The emergency physician should consider this potentially life-threatening condition and know the fundamental management recommendations once identified.

INTRODUCTION

Septic emboli occur when a blood vessel is obstructed, typically as a result of a thrombus that travels from an infected source. Following an ischemic stroke, the initial ischemic insult often occurs from vascular occlusion; a second insult can occur later if the embolism results in a nidus of infection.1 Over the last two decades there has been a steady rise in the incidence of infectious endocarditis (IE). One study showed a 30% increase in the incidence of IE from 2000 to 2011,2 thought to be due to the increase in implantable cardiac devices, healthcare-associated infections, and the rise in intravenous (IV) drug use.3,4 Infectious endocarditis is known to cause ischemic stroke, but complete occlusion of the internal carotid artery is extremely rare with only a few case reports in the literature. We present a case of a middle-aged male who presented with devastating neurological symptoms in the setting of mitral valve vegetation and complete internal carotid artery occlusion.

CASE REPORT

A 50-year-old male presented to the emergency department (ED) via emergency medical services (EMS) after being found minimally responsive in his bed at home by his roommate. He had a prior history of mitral valve endocarditis, IV heroin use, tobacco use, and atrial fibrillation on anticoagulation. The patient was last witnessed in his normal state of health the evening before his presentation to us. He had been recently hospitalized at another local hospital for methicillin-resistant Staphylococcus aureus bacteremia with documentation of known mitral valve vegetations, but he had left against medical advice 10 days prior. On arrival at our ED, he was ill-appearing and in acute distress with a Glasgow Coma Score of 8 (Eye 2, Verbal 2 Motor 4). The patient was afebrile, with a heart rate of 140 beats per minute with an irregular rhythm, blood pressure of 131/78 millimeters (mm) of mercury, respiratory rate of 30 breaths per minute, and pulse oximetry of 100% on a non-rebreather mask placed by EMS. The patient’s blood sugar was reported as 167 milligrams per deciliter (mg/dL) on arrival.

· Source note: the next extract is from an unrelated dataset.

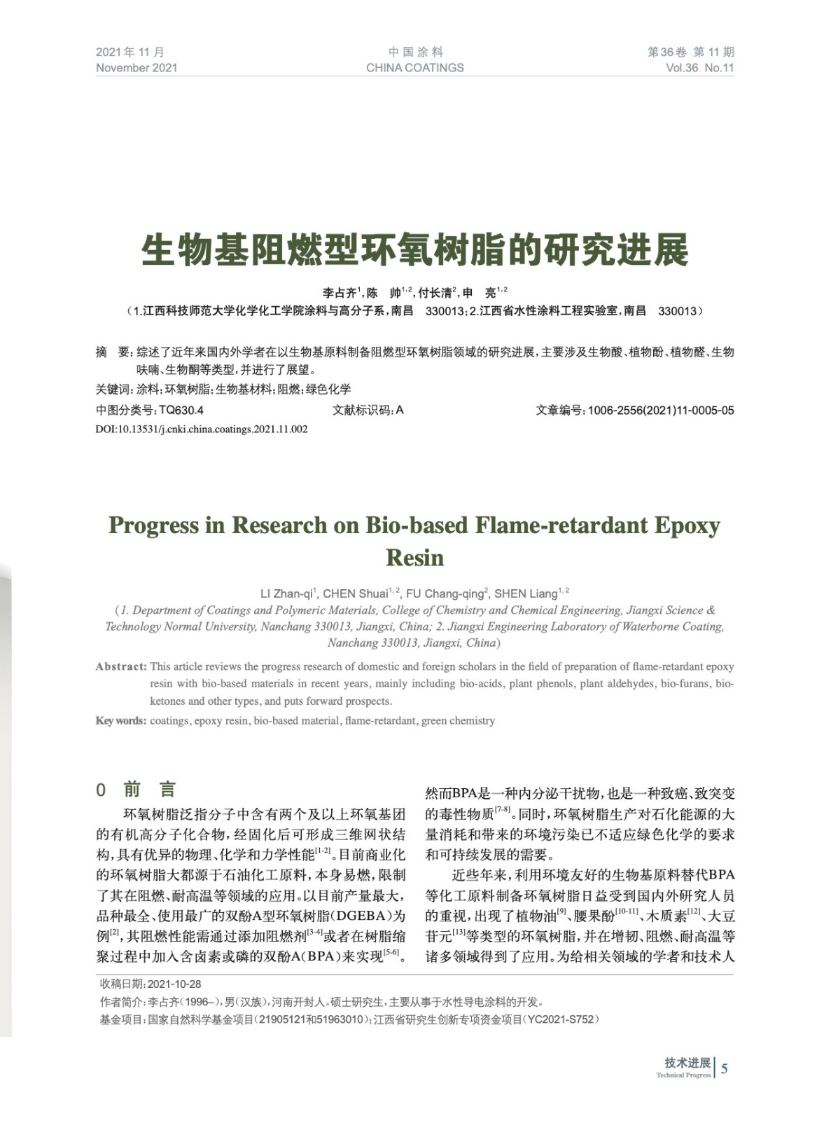 生物基阻燃型環(huán)氧樹脂的研究進(jìn)展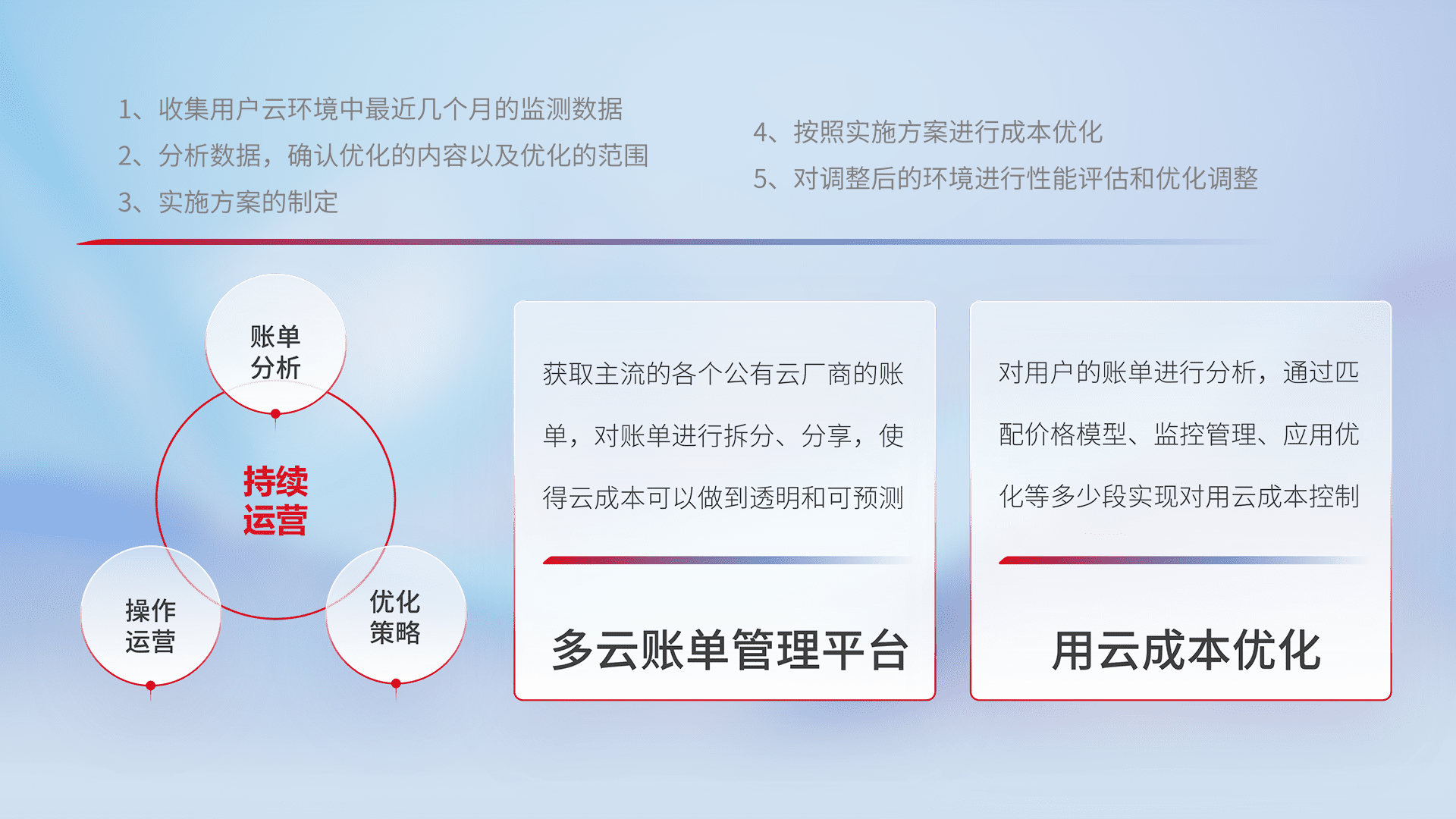通过多云纳管,,,,以统一的资源数据模型把客户的云资源进行抽象和封装,,,,进而实现对多云资源的统一操作,,,,保障云资源管理的可靠性、、、稳定性与可用性。。。。量身定制化运维内容,,配置、、、开发运维、、补丁管理、、、、备份、、监控、、、、认证和访问管理、、、审计和日常巡检等,,,保障在用云过程中的可靠度,,稳定度以及高可用率。。。。

The patient would occasionally groan but did not follow commands. Cardiac exam was notable for tachycardia with an irregular rhythm. Pupils were three mm, equal but sluggishly reactive with a right conjugate gaze deviation. The patient withdrew from pain in his right upper and lower extremities but did not localize to pain and had left-sided hemiparesis. His score on the National Institute of Health Stroke Scale was 26. During his previous hospitalization 10 days earlier the patient was documented to have a normal neurological exam. Skin exam showed pallor with scattered track marks on his upper extremities. Point-of-care transthoracic echocardiogram (TTE) (Image 1) showed a large mitral valve vegetation. Laboratory data showed a leukocytosis of 30,900/mm3 (reference range 4,500–11,000/mm3) with neutrophilic predominance, plasma lactate of 7.3 millimoles per liter (mmol/L) (0.5–2.2 mmol/L), and an acute kidney injury with a serum creatinine of 3.48 mg/dL (0.74–1.35 mg/dL).

 

Image 1
(Left) Point-of-care transthoracic echocardiogram in the apical four-chamber and (right) parasternal long-axis views demonstrating a large mitral valve vegetation (arrow).

A computed tomography (CT) without contrast and a CT angiography of the head (Image 2) and neck were performed demonstrating a right-sided internal carotid artery terminus occlusion with poor leptomeningeal collateral flow to the right cerebral hemisphere. Additionally, there were small areas of hemorrhagic transformation in his bilateral hemispheres, right greater than left.

 

Image 2
(Left) Computed tomography angiography of the head demonstrating a decrease in attenuation and caliber distal to the bifurcation (arrow) at the level of the internal carotid artery terminus with faint intermittent contrast distally that quickly dissipates. There is poor leptomeningeal collateral flow in the right hemisphere. (Right) Acute right middle cerebral artery infarction (circle) with slight effacement of the sulci and right to left shift with faint peripheral petechial hemorrhage (arrow).

The patient’s neurological state worsened, and the decision was made to proceed with rapid sequence intubation. Broad-spectrum antibiotics were also started. The patient was deemed not to be a candidate for thrombolytics or embolectomy due to the extent of vascular insult seen on his imaging. Shortly after admission, two peripheral blood cultures grew Staphylococcus aureus (time to positivity 6.6 hours). The patient was admitted to the neuromedical intensive care unit and ultimately died from his condition several days later.

 

CPC-EM Capsule

What do we already know about this clinical entity?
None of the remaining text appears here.